*DATASET CONTENT:*
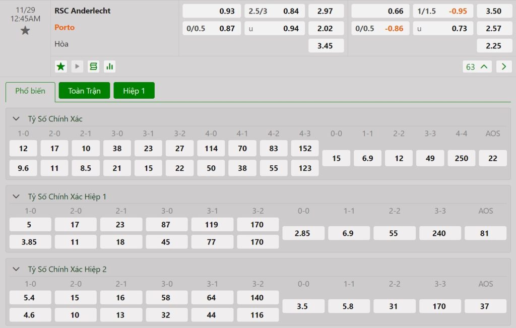 Bảng cập nhật tỷ lệ kèo nhà cái trận Anderlecht vs Porto
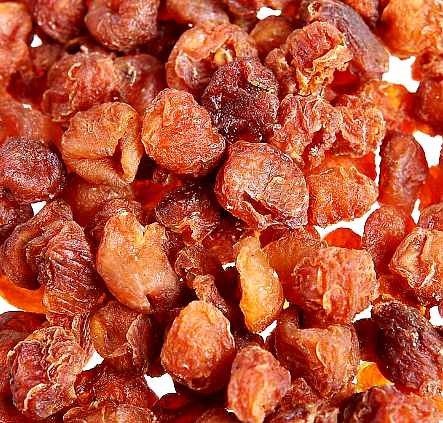 【药材】生?为由顶端纵向裂开的不规则块片,长约1 厘米,宽1.5〜3.5厘米,厚不及1毫米。表面黄掠色,半透 明;靠近果皮的一面皱缩不平,粗糙;靠近种皮的一面光亮 而有纵皱纹。质柔韧而微有粘性,常粘结呈块状。气香,味浓甜而特殊。以片大、肉厚、质细软、色棕黄、半透明、味浓甜者为佳。
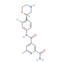 | SMILES | Cc1cc(C(=O)Nc2ccc([C@H]3CNCCO3)c(Cl)c2)cc(C(N)=O)n1 |
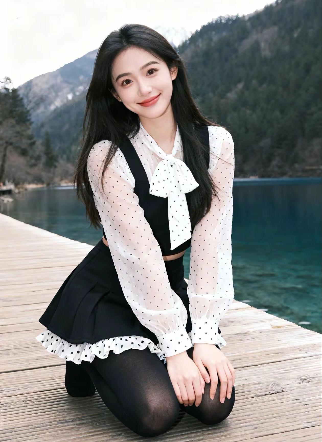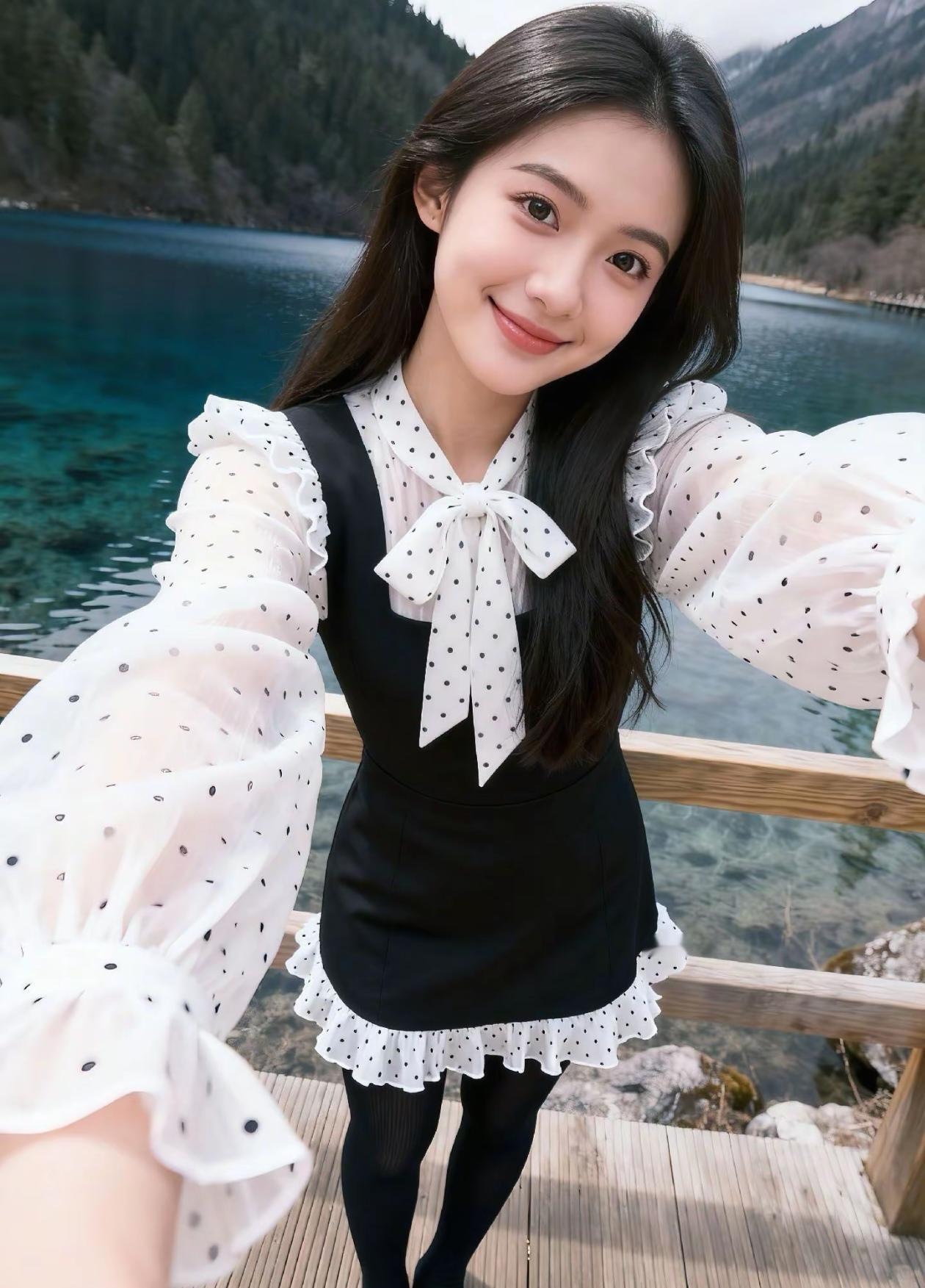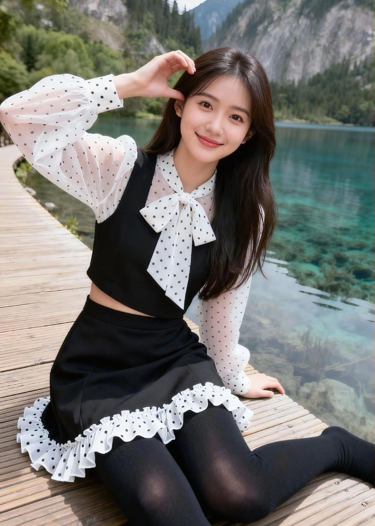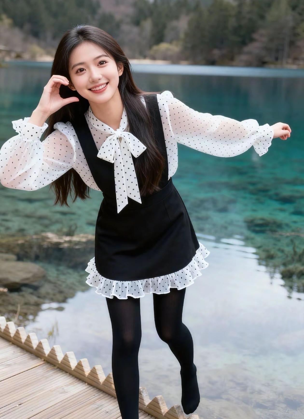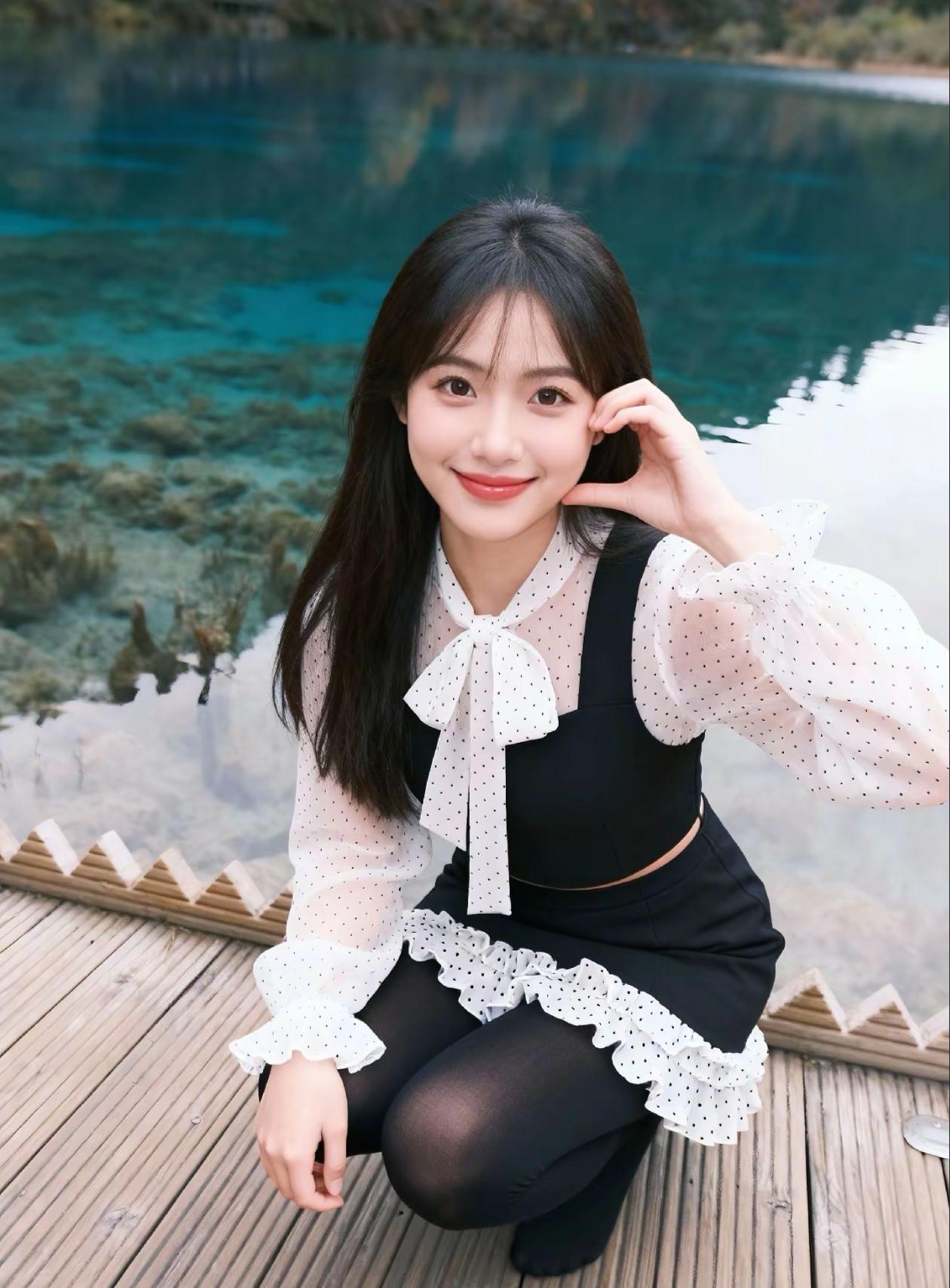 少女在湖边比V,青春洋溢,风景如画!🌿💖

*PROMPT:*
All the material above must be copied exactly, and no picture belongs in the copy.

*EXERCISE SOLUTION:*
 Bảng cập nhật tỷ lệ kèo nhà cái trận Anderlecht vs Porto
 【药材】生?为由顶端纵向裂开的不规则块片,长约1 厘米,宽1.5〜3.5厘米,厚不及1毫米。表面黄掠色,半透 明;靠近果皮的一面皱缩不平,粗糙;靠近种皮的一面光亮 而有纵皱纹。质柔韧而微有粘性,常粘结呈块状。气香,味浓甜而特殊。以片大、肉厚、质细软、色棕黄、半透明、味浓甜者为佳。
 | SMILES | Cc1cc(C(=O)Nc2ccc([C@H]3CNCCO3)c(Cl)c2)cc(C(N)=O)n1 |
 少女在湖边比V,青春洋溢,风景如画!🌿💖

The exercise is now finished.